● Brief
Pictures aside, every line of the listing should be given again exactly.

-- Data provided follows --

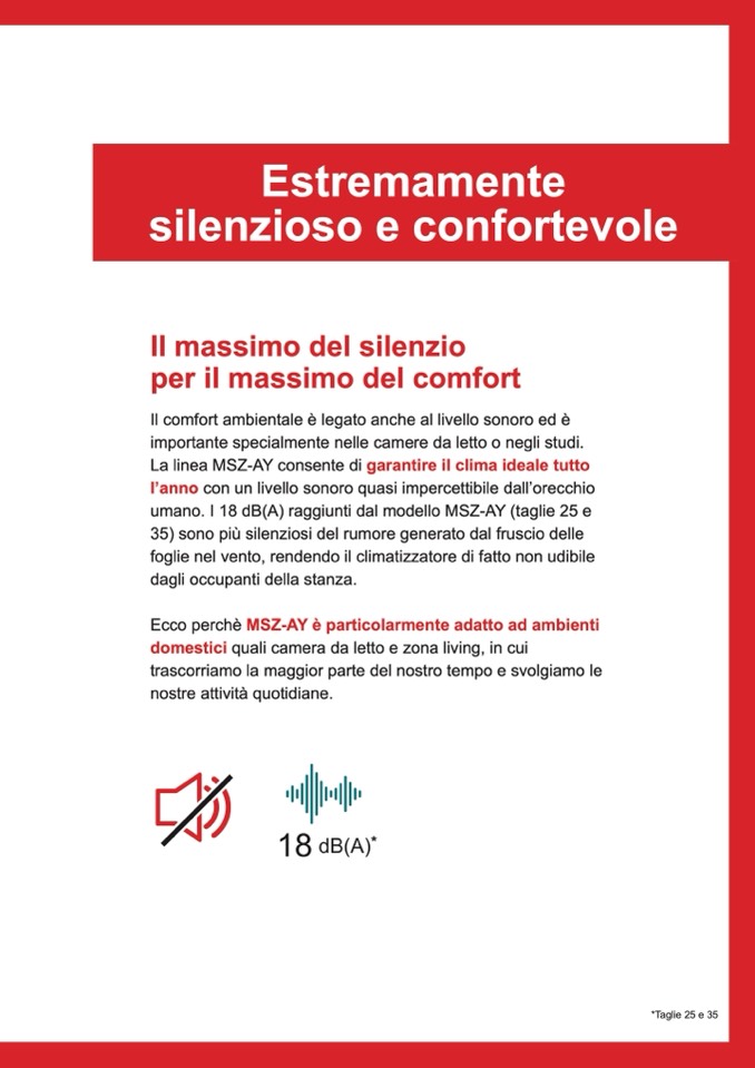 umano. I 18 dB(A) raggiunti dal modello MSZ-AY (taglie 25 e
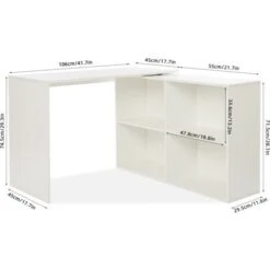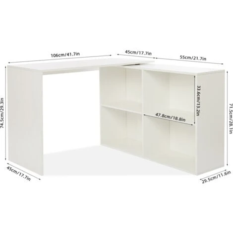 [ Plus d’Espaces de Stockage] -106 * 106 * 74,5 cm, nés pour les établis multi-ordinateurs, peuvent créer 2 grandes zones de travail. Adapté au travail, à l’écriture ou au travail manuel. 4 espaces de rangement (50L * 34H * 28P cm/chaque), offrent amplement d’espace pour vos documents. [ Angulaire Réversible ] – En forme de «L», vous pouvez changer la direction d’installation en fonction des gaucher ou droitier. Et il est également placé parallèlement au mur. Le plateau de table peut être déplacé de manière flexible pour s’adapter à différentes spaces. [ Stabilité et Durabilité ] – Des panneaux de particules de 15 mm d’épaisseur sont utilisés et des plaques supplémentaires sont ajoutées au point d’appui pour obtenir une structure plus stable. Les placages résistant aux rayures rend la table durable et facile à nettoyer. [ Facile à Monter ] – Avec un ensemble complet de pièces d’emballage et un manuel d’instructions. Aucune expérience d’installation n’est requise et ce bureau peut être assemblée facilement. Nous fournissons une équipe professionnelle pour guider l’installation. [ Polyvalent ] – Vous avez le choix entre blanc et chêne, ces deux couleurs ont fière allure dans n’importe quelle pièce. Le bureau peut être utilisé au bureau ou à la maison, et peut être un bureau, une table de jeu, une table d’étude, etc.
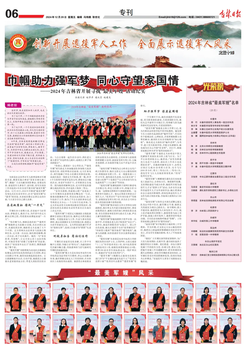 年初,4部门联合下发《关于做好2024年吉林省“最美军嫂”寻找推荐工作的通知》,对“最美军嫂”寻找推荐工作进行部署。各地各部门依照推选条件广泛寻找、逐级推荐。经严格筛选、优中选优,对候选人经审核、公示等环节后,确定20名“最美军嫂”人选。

-- Data provided concluded --

● Solution for this exercise
 umano. I 18 dB(A) raggiunti dal modello MSZ-AY (taglie 25 e
 [ Plus d’Espaces de Stockage] -106 * 106 * 74,5 cm, nés pour les établis multi-ordinateurs, peuvent créer 2 grandes zones de travail. Adapté au travail, à l’écriture ou au travail manuel. 4 espaces de rangement (50L * 34H * 28P cm/chaque), offrent amplement d’espace pour vos documents. [ Angulaire Réversible ] – En forme de «L», vous pouvez changer la direction d’installation en fonction des gaucher ou droitier. Et il est également placé parallèlement au mur. Le plateau de table peut être déplacé de manière flexible pour s’adapter à différentes spaces. [ Stabilité et Durabilité ] – Des panneaux de particules de 15 mm d’épaisseur sont utilisés et des plaques supplémentaires sont ajoutées au point d’appui pour obtenir une structure plus stable. Les placages résistant aux rayures rend la table durable et facile à nettoyer. [ Facile à Monter ] – Avec un ensemble complet de pièces d’emballage et un manuel d’instructions. Aucune expérience d’installation n’est requise et ce bureau peut être assemblée facilement. Nous fournissons une équipe professionnelle pour guider l’installation. [ Polyvalent ] – Vous avez le choix entre blanc et chêne, ces deux couleurs ont fière allure dans n’importe quelle pièce. Le bureau peut être utilisé au bureau ou à la maison, et peut être un bureau, une table de jeu, une table d’étude, etc.
 年初,4部门联合下发《关于做好2024年吉林省“最美军嫂”寻找推荐工作的通知》,对“最美军嫂”寻找推荐工作进行部署。各地各部门依照推选条件广泛寻找、逐级推荐。经严格筛选、优中选优,对候选人经审核、公示等环节后,确定20名“最美军嫂”人选。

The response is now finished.